O ponto alto da obra é atingida quando Machado de Assis cria uma relação entre o estudo da loucura e o poder político. Por momentos, a alienação colectiva parece ser o suporte quer do poder quer do contra-poder representado pelo barbeiro revoltoso, que se opõe à Câmara Municipal que apoiava o alienista.
O final do livro surpreende pela forma inteligente como o autor decide o destino do protagonista; isolado, ele é o único que pode provar a si próprio a validade das suas teorias. Faltava saber até que ponto as suas teorias não seriam, elas próprias, provenientes da sua loucura, em vez da razão. NA verdade, o estado de perfeição da mente humana, para o alienista, era o do “perfeito desequilíbrio”. Assim, ganhava lógica a atribuição do epíteto de louco àquele que apenas agisse segundo a razão :) …
Um aspecto impressionante do livro é o estilo de escrita do autor. Penso que poucos conseguiram exercitar a língua portuguesa de forma tão bela como o fez este brilhante escritor brasileiro. Veja-se, por exemplo, a musicalidade, a beleza, deste excerto: “Todo o tempo que lhe sobrava dos cuidados da Casa Verde, era pouco para andar na rua ou de casa em casa, conversando as gentes, sobre trinta mil assuntos, e virgulando as falas de um olhar que metia medo aos mais heróicos.”
Finalmente, uma nota para o fino sentido de humor de M. de Assis, que nos coloca um constante sorriso nos lábios, sem nunca cair na piada fácil que o tema sempre propicia ao escritor. Um livro importante na história da literatura de língua portuguesa, de leitura fácil e profunda, agradável e que nos propicia fortes motivos de reflexão.
Avaliação Pessoal: 9.5/10

9 comentários:

susemad disse...

Este livro é tão bom, mas tão bom! Uma pequena obra lirerária, mas tão grande e forte em sentido.
Ainda dei umas boas gargalhadas à conta deste "alienista". :D

Unknown disse...

é mesmo. Foi uma bela surpresa. É curioso: este livro foi-me aconselhado por alguém aqui no mundo dos blogues; mas não recordo quem...
O que mais me impressionou em relação a esse humor de que falas é que nuca cai na facilidade; era muito fácil fazer piadas sobre os disparates dos "loucos". Mas Machado de Assis não vai por aí...

susemad disse...

Na volta leste a minha opinião, Manuel e ficaste convencido! ;)
Não conheço muitos blogueiros que tenham lido este livro...
Também concordo. O humor dele é refinado. :)
Um abraço

Fefa Rodrigues disse...

Eu, brasleira que sou, fico muito feliz qd vejo que vcs leem obras de escritores brasileiros e que gostam!!!

Orgulhinho!!;o)

Fefa Rodrigues

Fefa Rodrigues disse...

Ah... tomei a liberdade de indicar a leitura do seu post em meu blog, td bem?

Fefa Rodrigues
http://apaixonadaporpapel.blogspot.com/

Unknown disse...

Tudo bem, Fefa. Eu é que agradeço :)
A literatura brasileira é muito apreciada em Portugal pelas obras de Jorge Amado, Erico Veríssimo, Ubaldo Ribeiro, Chico Buarque, etc. Mas penso que Machado de Assis é o verdadeiro génio da vossa literatura.

Cristina Torrão disse...

Muito interessante. "O estado de perfeição da mente humana, para o alienista, era o do “perfeito desequilíbrio”" - isto faz-me lembrar a teoria do caos que, simplificando, diz que toda a ordem advém do caos, o verdadeiro motor da vida.
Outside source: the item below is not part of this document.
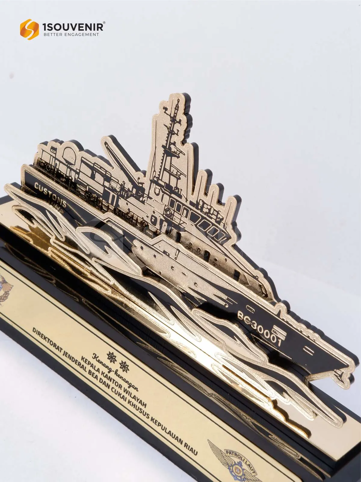 Plakat Dirjen Bea Cukai Kepulauan Riau ini dirancang sebagai cendera mata yang mencerminkan karakter maritim yang kuat. Detail kapal patroli dengan balutan warna emas memberikan nuansa tegas, berwibawa, sekaligus sarat makna.

P.S. Gostei da sugestão para a 9ª leitura conjunta do Destante. Vou tentar adquirir o livro, para participar, afinal, trata-se de um romance histórico ;)

Kézia Lôbo disse...

GOsto dessa obra, ja li duas vezes! Machado de Assis é um dos meus autores clássicos favoritos, já li quase todas as obras dele, faltam algumas, que quero ler! Otima dica!

Unknown disse...

Olá Cristina
desde Dostoievski que alguns escritores vêem mostrando que a anormalidade faz parte do âmago da nossa alma. A normalidade é um conjunto de normas interiores ou exteriormente impostas destinadas a dar uma formatação à alma que não é, de todo, natural. Daí a loucura do ser normal...
Quanto ao livro do Destante, é um romance histórico tão diferente dos de Cristina Torrão :) Não é melhor nem pior, a diferença está nos tons das cores da escrita :)
Mas vais gostar!

Kézia, hoje fiquei decepcionado quando numa reportagem a propósito do Rock in Rio, umas jovens brasileiras nunca tinham ouvido falar de Rui Veloso... acho que nós conhecemos melhor o Brasil do que o Brasil nos conhece a nós... Machado de Assis é muito, muito, apreciado em Portugal.